— ABOUT THIS EXERCISE —
From the line containing "Come and check" to the last line of the listing, transcribe exactly and add nothing else; keep both ends and omit pictures.

● ● ● ●

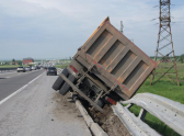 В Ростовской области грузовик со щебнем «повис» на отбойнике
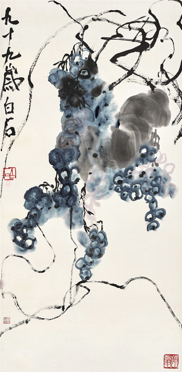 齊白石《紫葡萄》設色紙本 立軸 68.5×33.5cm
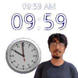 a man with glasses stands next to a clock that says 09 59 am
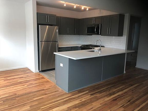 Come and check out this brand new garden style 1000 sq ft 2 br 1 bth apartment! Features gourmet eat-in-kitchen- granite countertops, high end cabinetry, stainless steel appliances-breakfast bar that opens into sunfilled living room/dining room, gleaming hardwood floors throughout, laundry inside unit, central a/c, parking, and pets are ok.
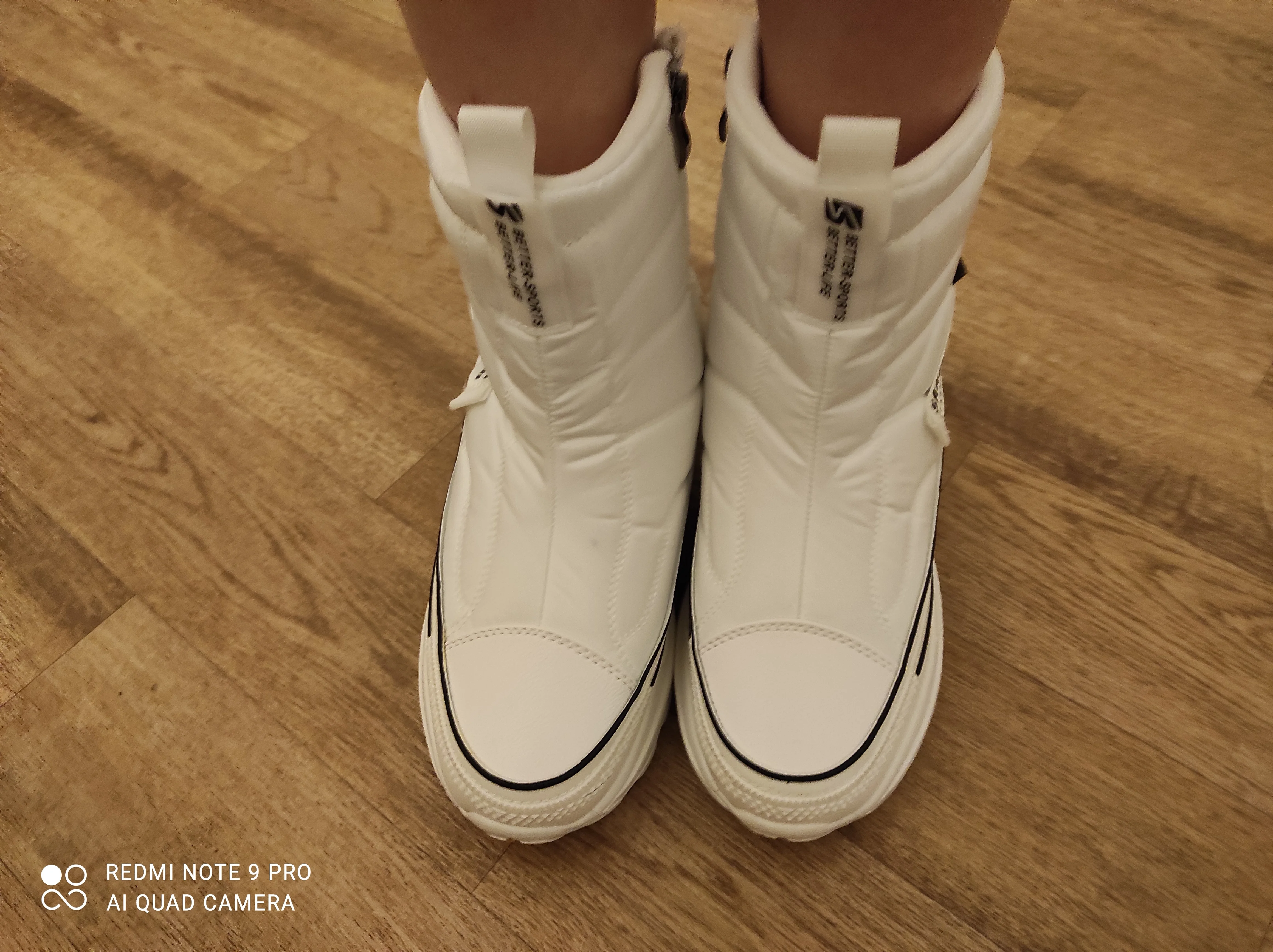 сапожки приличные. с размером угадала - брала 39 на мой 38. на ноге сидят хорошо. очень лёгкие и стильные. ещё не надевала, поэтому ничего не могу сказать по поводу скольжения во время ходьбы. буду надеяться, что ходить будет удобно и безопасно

● ● ● ●

— ANSWER SPACE —
 Come and check out this brand new garden style 1000 sq ft 2 br 1 bth apartment! Features gourmet eat-in-kitchen- granite countertops, high end cabinetry, stainless steel appliances-breakfast bar that opens into sunfilled living room/dining room, gleaming hardwood floors throughout, laundry inside unit, central a/c, parking, and pets are ok.
 сапожки приличные. с размером угадала - брала 39 на мой 38. на ноге сидят хорошо. очень лёгкие и стильные. ещё не надевала, поэтому ничего не могу сказать по поводу скольжения во время ходьбы. буду надеяться, что ходить будет удобно и безопасно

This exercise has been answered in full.